ABOUT THIS EXERCISE ▸
Using the records that follow, reproduce exactly the lines starting at the line containing "PC、手機方面,需要以 X +" and ending at the line containing "Küche: offene Küche". Include both end lines and no pictures.

DATA TO EXAMINE ▸
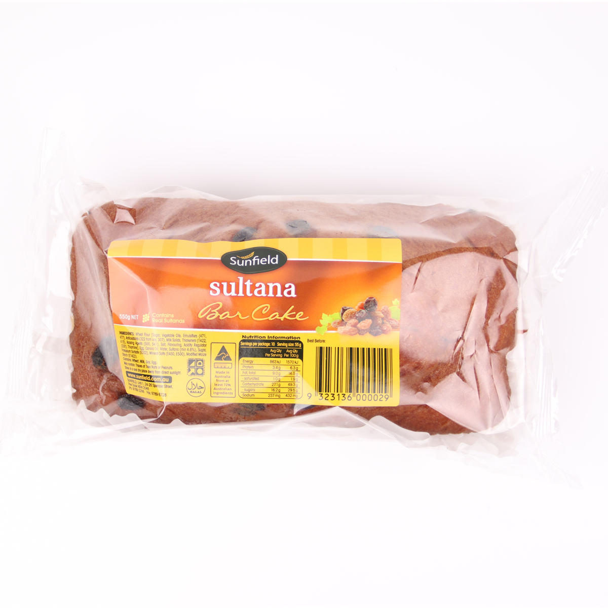 Indulge in the rich and fruity flavors of Sunfield Bread Sultana Bar Cake 550g. Made with premium ingredients, this moist and delicious cake is perfect for any occasion. Treat yourself to a slice of pure delight with every bite. Order now and experience a taste sensation like no other!
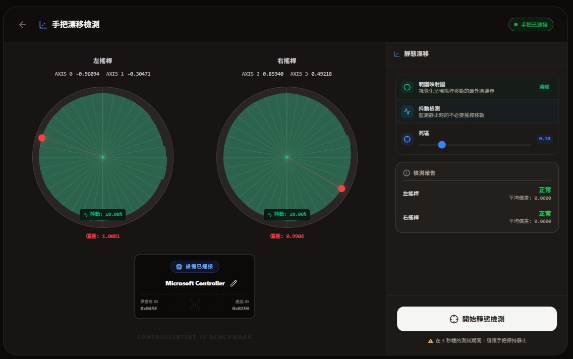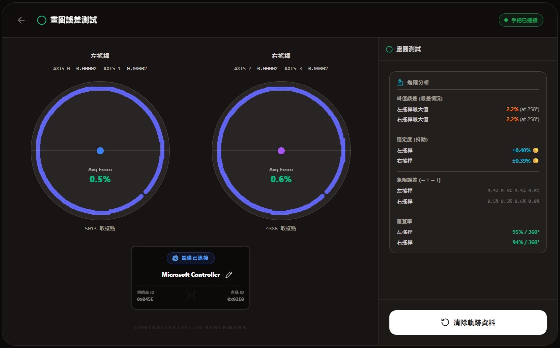 PC、手機方面,需要以 X + Home 的方式切換至藍牙配對模式,配對成功後會看到 Xbox Wireless Control。通過 Controllertest.io 測試,左右搖桿的平均 Error 約在 0.5% 無任何飄移問題,並且所有按鍵操作、震動測試都沒問題。
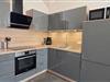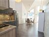 Küche: offene Küche mit Hochglanzfronten / Cerankochfeld / Dunstabzugshaube / Backofen / Geschirrspüler / Toaster / Filterkaffeemaschine / Wasserkocher / Kühlschrank mit Gefrierfach / Mixer
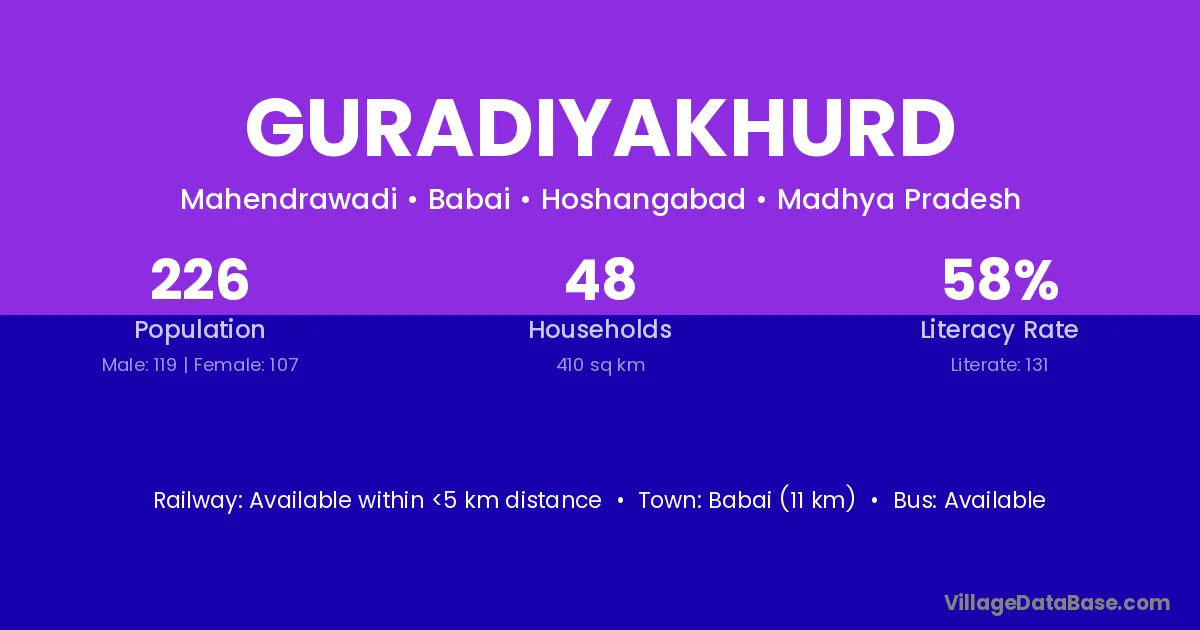 Babai (11 km) is the nearest town to Guradiyakhurd village for major economic activities and is located approximately 11 km away.
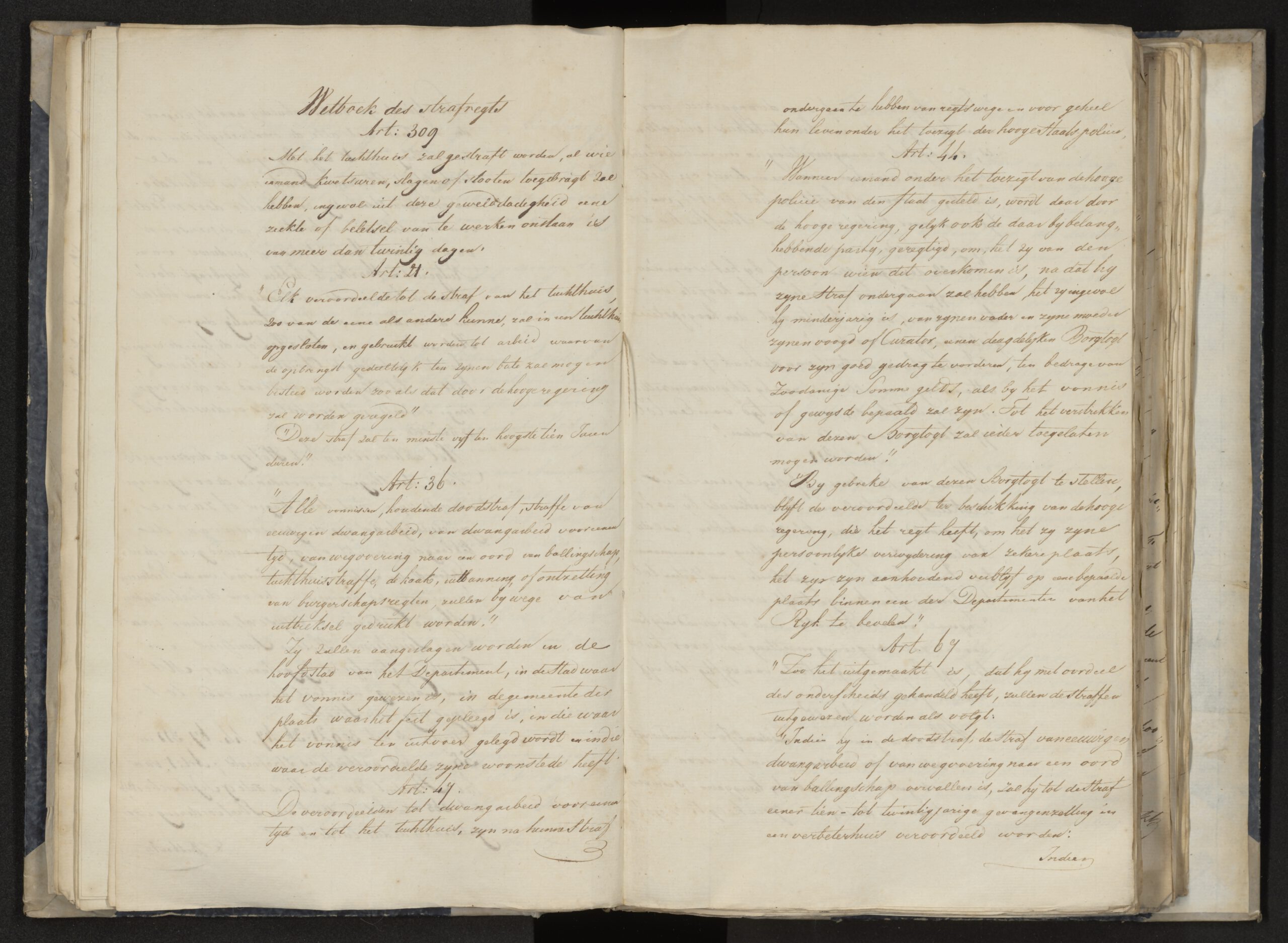 Art: 36. Alle vonnissen houdende doodstraf, straffe van eeuwigen dwangarbeid, van dwangarbeid voor eenen tyd, van wegruiming naar een oord van ballingschap, tuchthuisstraffe, de kaak, verbanning, of ontzetting van burgerschapsregten, zullen by wege van uittreksel gedrukt worden. Zy zullen aangeslagen worden in de hoofdstad van het Departement, in de stad waar het vonnis gewezen is, in de gemeente der plaats waar het feit gepleegd is, in die waar het vonnis ter uitvoer gelegd wordt en in die waar de veroordeelde zyne woonstede heeft.

SOLUTION FOR THIS TASK ▸
 PC、手機方面,需要以 X + Home 的方式切換至藍牙配對模式,配對成功後會看到 Xbox Wireless Control。通過 Controllertest.io 測試,左右搖桿的平均 Error 約在 0.5% 無任何飄移問題,並且所有按鍵操作、震動測試都沒問題。
 Küche: offene Küche mit Hochglanzfronten / Cerankochfeld / Dunstabzugshaube / Backofen / Geschirrspüler / Toaster / Filterkaffeemaschine / Wasserkocher / Kühlschrank mit Gefrierfach / Mixer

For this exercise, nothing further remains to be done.